Writing

Software, technology, sysadmin war stories, and more. Feed
Thursday, December 29, 2011

Hash table attacks and overzealous analytics

There's a hash table attack making the rounds this week. It involves what happens inside a bunch of web frameworks and other libraries which handle incoming GET and POST requests for you.

There's this assumption that people really do not want to scan through a blob of "?foo=bar&blah=123&launch=true" gunk by hand. This leads to parsers which split those up and turn them into keys of "foo", "blah", and "launch", each pointing at "bar", "123", and "true", respectively.

The problem is that those keys are under the control of whoever is sending the request. If they can guess a few things about how you store them, then they can purposely generate the kind of pathological case which would cause your system to handle them really inefficiently.

What I find really funny is that I saw an attack like this a few years ago which also involved key storage. What was different is that the programmers brought it upon themselves. For some reason, they decided to write something which would track hits to every URL endpoint within their custom servlet engine. Did I mention it was Java?

Normally, this was no big deal. You could connect to the program's embedded HTTP server over the intranet and ask it what was going on. It might say that "/login" had 123,456 hits, and "/logout" had 4,567 hits. I imagine someone actually found that useful.

Where they went wrong is that they stored this stuff forever, and they didn't store these URLs according to their handlers. Basically, there were only so many operable endpoints within any given app setup. You might have /login, /logout, and /settings. The problem is that /LOGIN, /LOGOUT, and /SETTINGS also worked... and they stored them separately.

Pretty soon you started getting things like this:

... and so on. Every new permutation got its own entry. It was actually far worse than what I'm showing here, since every entry had a series of buckets. It would track the total number of hits, plus the number of hits in the past day, 6 hours, 2 hours, 1 hour, 30 minutes, 15 minutes, and so on.

All of those buckets took up memory, obviously, but they also scarfed down CPU time like it was going out of style. Inserting a new entry or updating one meant the system had to traverse that structure to find the right spot. Then it had to keep passing over them to keep the time-based buckets accurate. It was a mess.

The craziest part of this is that all of this tracking was happening inside the process which was also responsible for serving production traffic.
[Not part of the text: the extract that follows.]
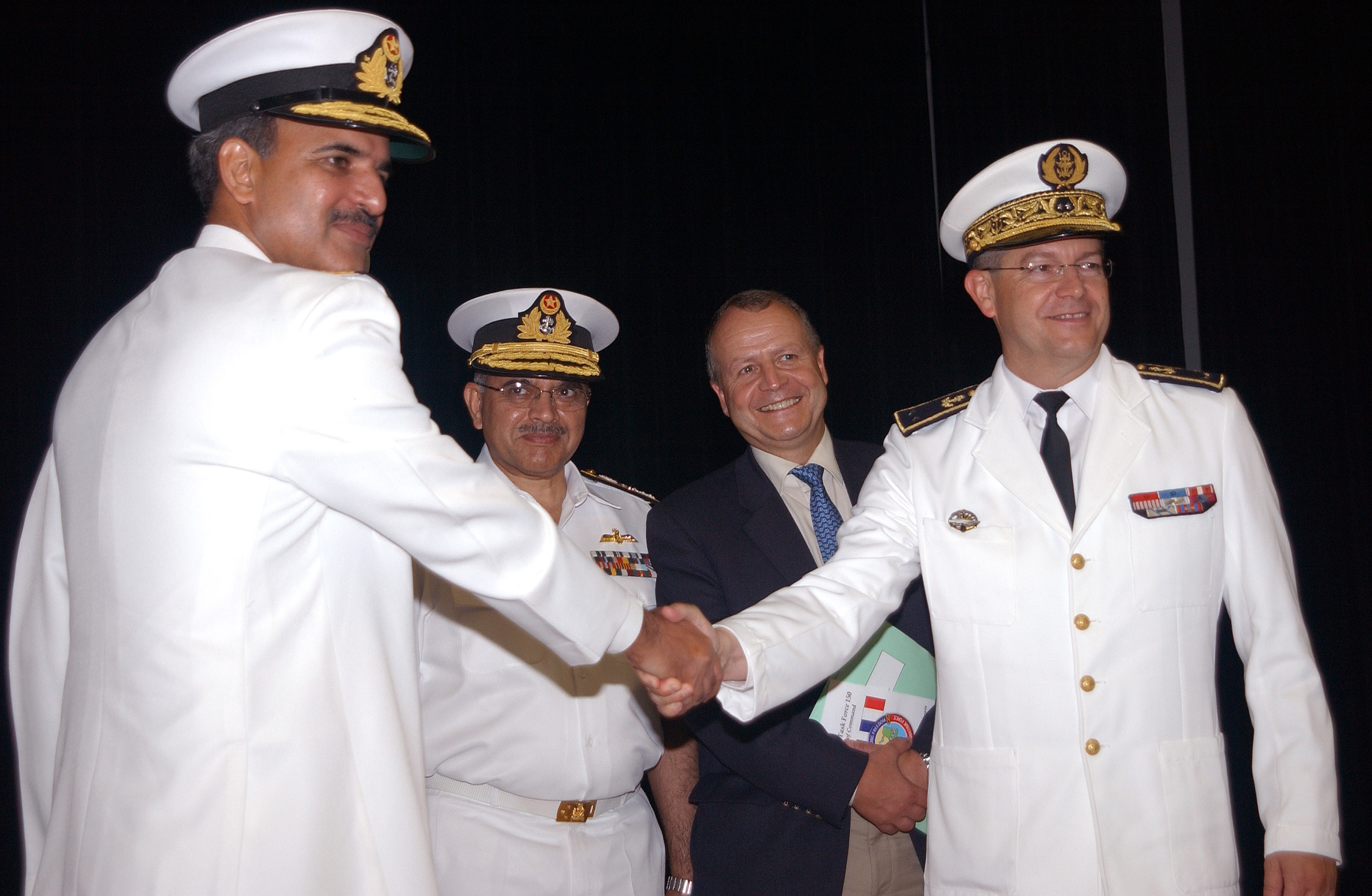 Pakistani Commodore Khan Hasham Bin Saddique is congratulated by French Rear Admiral Alain Hinden during the Combined Task Force (CTF) 150 change of command ceremony in Manama, Bahrain, Aug. 1. The ceremony marks the second time Pakistan takes the helm of CTF 150 and marks the conclusion of France's fourth time leading the coalition task force. The task force, established near the beginning of Operation Enduring Freedom, conducts maritime security operations (MSO) in the Gulf of Aden, the Gulf of Oman, the Arabian Sea, the Red Sea and the Indian Ocean. Maritime security operations help set the conditions for security and stability in the maritime environment and complements the counter-terrorism and security efforts in regional nations' coastal waters. Coalition forces also conduct MSO under international maritime conventions to ensure security and safety in international waters so that commercial shipping and fishing can occur safely in the region.

Eventually, it would either grow too large and would be whacked by the system's out-of-memory handler, or it would simply become too slow to handle requests sanely. Then someone would notice and would restart it. Until that happened, any request which happened to land on this instance would receive suboptimal service.

Analytics are all well and good, but if you allow them unbounded access to your finite resources, you might want to make it happen in a place where it can't bring down your actual site. Otherwise, you might find yourself analyzing a time series of zero hits as people find some other site to frequent.